The hydrophilized UHMW-PE is preferably in the form of a powder, in particular as a micro powder. It has been found that the hydrophilized UHMW-PE in powderous form even further reduces wear and improves the sliding properties. The hydrophilized UHMW-PE generally has a mean particle diameter D50 (volume based and determined by light scattering) in the range of 1 to 5000 μm.


According to a preferred embodiment the hydrophilized ultrahigh molecular weight polyethylene (B) has a mean particle diameter D50 ranging from 10 to 500 μm and particularly preferably from 10 to 150 μm such as 30 to 130 μm and especially from 30 to 90 μm or 90 to 150 μm.

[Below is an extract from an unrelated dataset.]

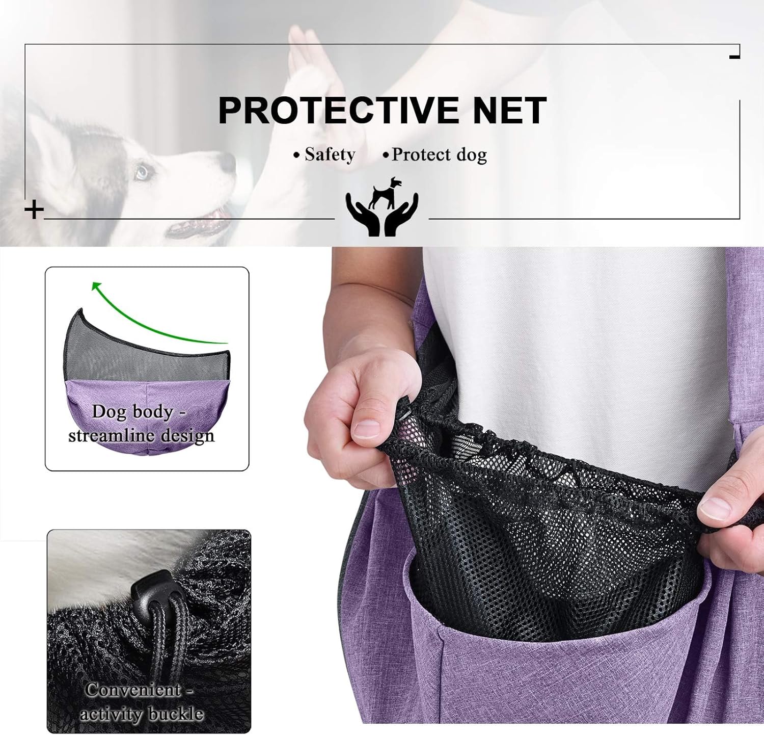 • Double protection device for safety buckle and safety mesh . The front of the mesh is short and the back is long. The design conforms to the body shape of the pet, making it more comfortable and secure. It can effectively prevent the dog from jumping out. To prevent the buckle from slipping, we can make a slip knot behind the buckle after the opening is closed.
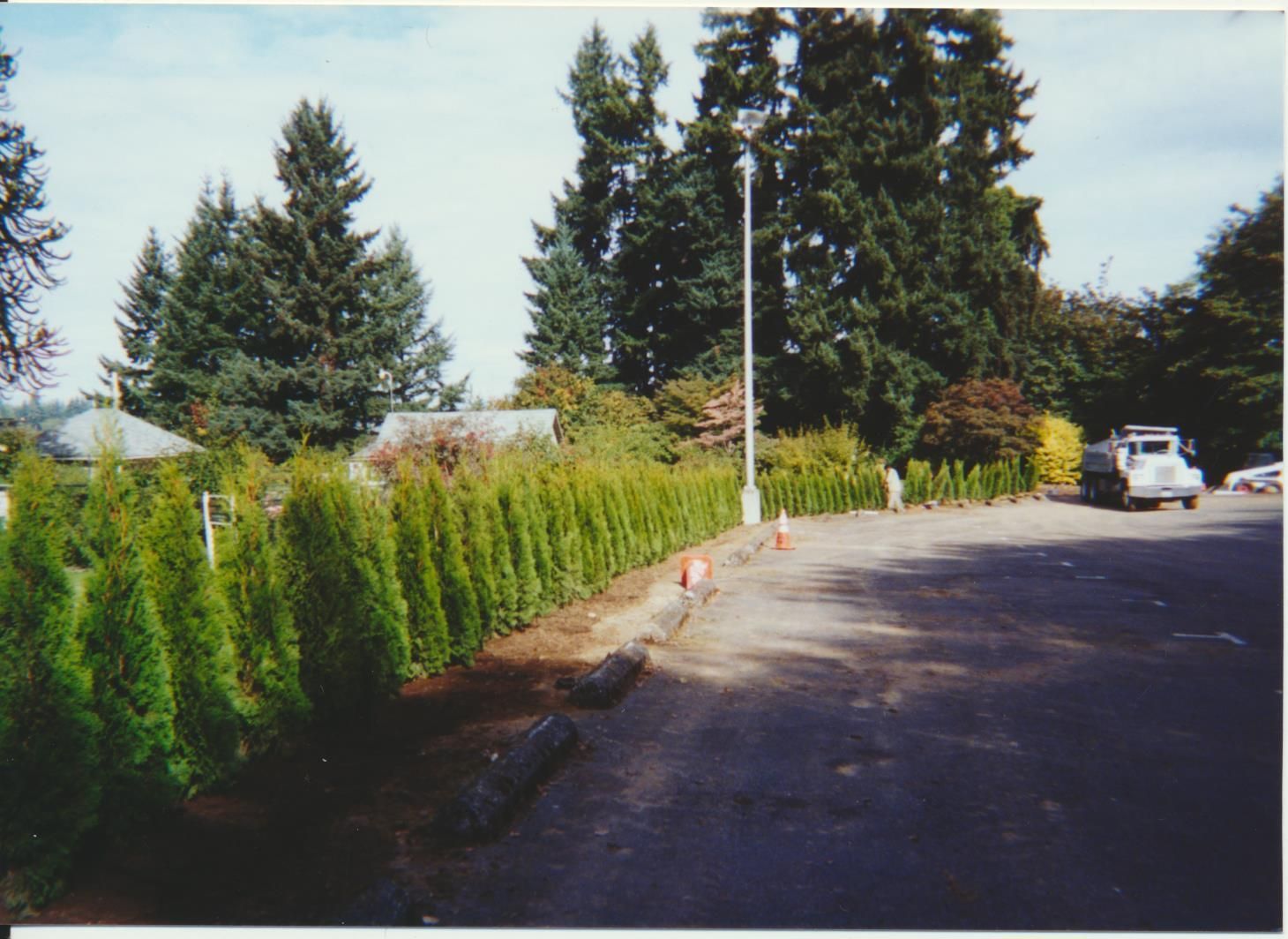 Photograph. 4 3/ 4 x 3 1/2 color. Schmidt House restoration done in October 2001. Photo by Vida Zvirzdys-Farler. Planting new arborvitae hedge.

According to a preferred embodiment the molding composition of the present invention comprises the hydrophilized ultrahigh molecular weight polyethylene (B) which has an average molecular weight of higher than about 1.0.106 g/mol, preferably higher than about 2.0.106 g/mol, more preferably higher than about 4.0.106 g/mol, especially having an average molecular weight ranging from about 1.0.106 g/mol to about 15.0.106 g/mol, more especially ranging from about 3.0.106 g/mol to about 12.0.106 g/mol, determined by viscosimetry. Molecular weight may be calculated by way of the Mark-Houwink equation if so desired.


Preferably, the viscosity number of the hydrophilized ultrahigh molecular weight polyethylene (B) is higher than 1000 ml/g, more preferably higher than 1500 ml/g, especially ranging from 1800 ml/g to 5000 ml/g, such as ranging from 2000 ml/g to 4300 ml/g (determined according to ISO 1628, part 3; concentration in decahydronaphthalin: 0.0002 g/ml).


Suitable hydrophilized UHMW-PE is commercially available from Ticona GmbH, Germany under the tradename GUR such as X162 and X163.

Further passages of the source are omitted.